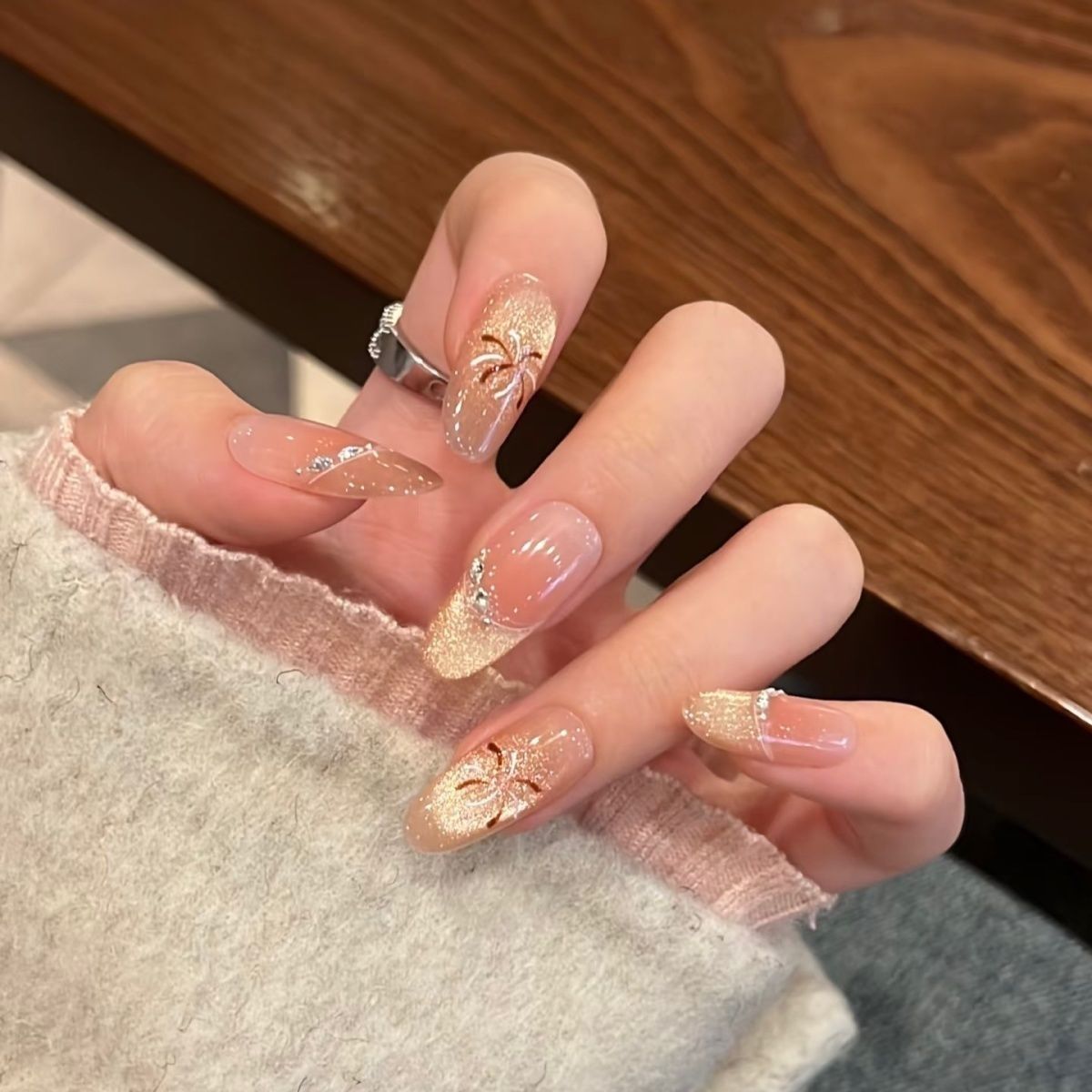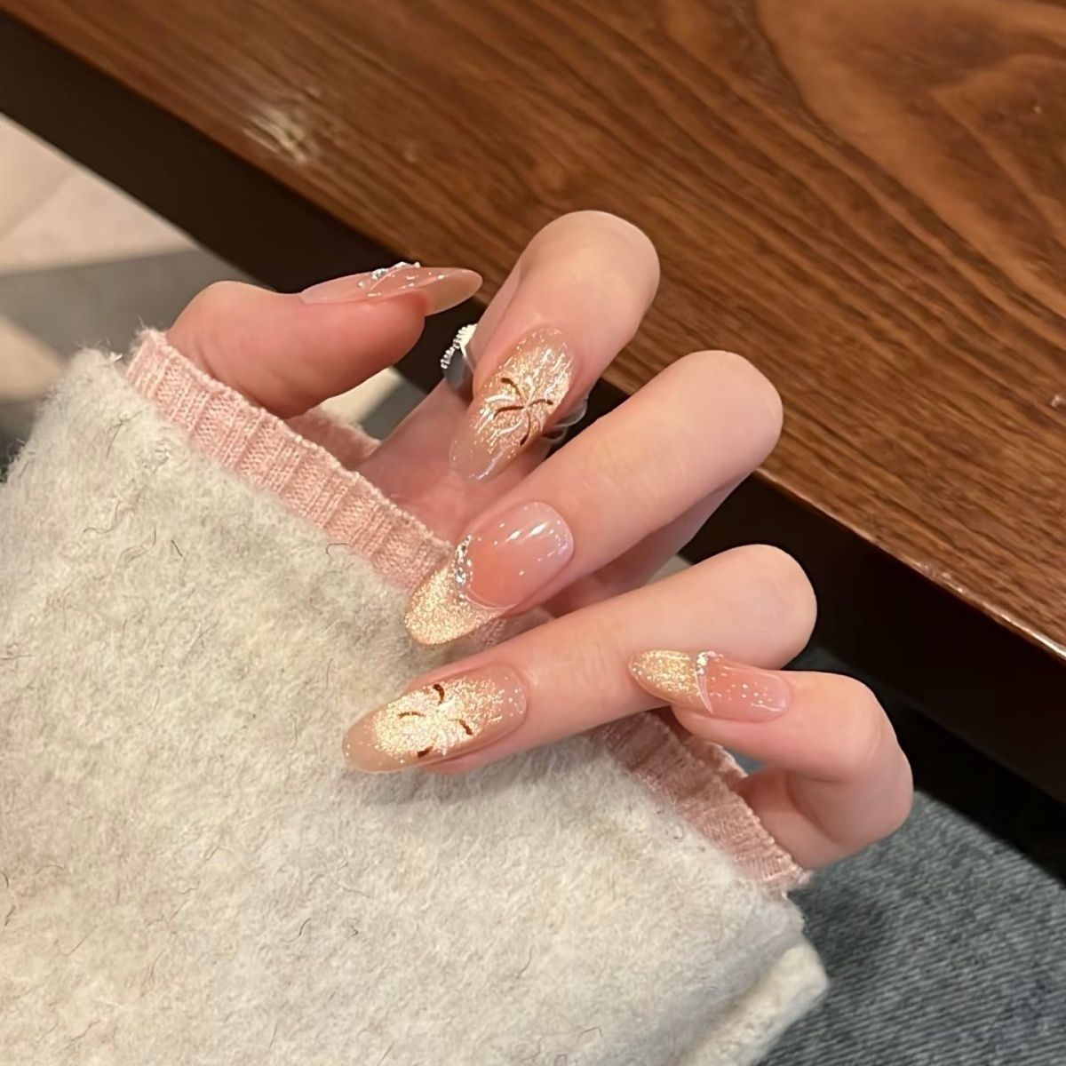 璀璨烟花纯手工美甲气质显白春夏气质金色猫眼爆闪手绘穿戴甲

---

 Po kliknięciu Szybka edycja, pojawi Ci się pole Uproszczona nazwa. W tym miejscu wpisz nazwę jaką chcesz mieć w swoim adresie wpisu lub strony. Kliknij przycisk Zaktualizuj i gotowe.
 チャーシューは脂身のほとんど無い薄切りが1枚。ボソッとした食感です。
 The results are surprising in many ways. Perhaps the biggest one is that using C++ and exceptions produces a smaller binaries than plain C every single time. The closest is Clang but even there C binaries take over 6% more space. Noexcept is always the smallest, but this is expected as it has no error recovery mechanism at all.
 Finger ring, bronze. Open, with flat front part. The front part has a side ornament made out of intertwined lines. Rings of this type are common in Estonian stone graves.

#### [Task details]
For the listing above, print only the lines starting at the line containing "Po kliknięciu Szybka" and ending at the line containing "The results are", exactly, both included.

#### [The answer]
 Po kliknięciu Szybka edycja, pojawi Ci się pole Uproszczona nazwa. W tym miejscu wpisz nazwę jaką chcesz mieć w swoim adresie wpisu lub strony. Kliknij przycisk Zaktualizuj i gotowe.
 チャーシューは脂身のほとんど無い薄切りが1枚。ボソッとした食感です。
 The results are surprising in many ways. Perhaps the biggest one is that using C++ and exceptions produces a smaller binaries than plain C every single time. The closest is Clang but even there C binaries take over 6% more space. Noexcept is always the smallest, but this is expected as it has no error recovery mechanism at all.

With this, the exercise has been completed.